Structured illumination microscopy revealed that non-network-associated SPD-5::TagRFP particles did not co-localize with either PLK-1::GFP or GFP::SPD-2 (Fig. 4E), suggesting that only the network-assembled form of SPD-5 can bind to PLK-1 and SPD-2. To further test this possibility, we determined the amount of SPD-2 or PLK-1 that co-precipitated with beads coated with non-assembled SPD-5. As expected, we did not detect enrichment in the amount of SPD-2 or PLK-1 pulled down by the SPD-5-coated beads as compared to the control beads (Fig. S6D). Thus, SPD-5 networks, rather than unassembled SPD-5 molecules, serve as scaffolds for the recruitment of SPD-2 and PLK-1 in vitro. Indeed, a recent study shows that SPD-5, SPD-2, and PLK-1 do not interact prior to their incorporation into the PCM in living embryos (15). Yeast-two-hybrid analysis has shown that a SPD-5 fragment can interact with SPD-2 (26). In light of our findings, it is possible that this interaction domain is blocked when SPD-5 is monomeric, but becomes accessible when SPD-5 molecules assemble into a network.

In summary, we have developed an in vitro system for studying regulated PCM assembly. The coiled-coil protein SPD-5 can polymerize into interconnected, porous networks that specifically recruit downstream PCM proteins such as PLK-1, SPD-2, and ZYG-9 (chTOG homolog) (Fig. S6B,C).
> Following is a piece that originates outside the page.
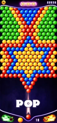 Drag your finger to move the laser sight in the direction of the bubbles. Lift your finger to take a shot. Match at least 3 bubbles of the same color to pop the group and win points. Shoot and pop all the colored bubbles to level up.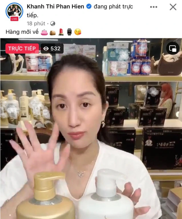 Khánh Thi mới đây đã lên sóng livestream bán hàng với những món mỹ phẩm quen thuộc, từ son môi, kem trắng da, kem dưỡng... Cô liên tục "chốt đơn" với số lượng người xem trung bình từ vài trăm tới một nghìn.

Thus, SPD-5 networks are likely to represent the structural framework of the PCM. PLK-1 kinase directly phosphorylates SPD-5 to promote its polymerization and mitotic PCM expansion, and SPD-2 makes an additional independent contribution to PCM assembly. Consistent with our findings for C. elegans SPD-5, PCM formation in Drosophila requires SPD-2 and Polo kinase phosphorylation at multiple sites on centrosomin (Cdk5RAP2) (27, 28). Like SPD-5, centrosomin is a large coiled-coil protein that recruits downstream PCM proteins (7, 27–30). Thus, SPD-2/Polo kinase-driven polymerization of a scaffolding component is a conserved mechanism for PCM assembly.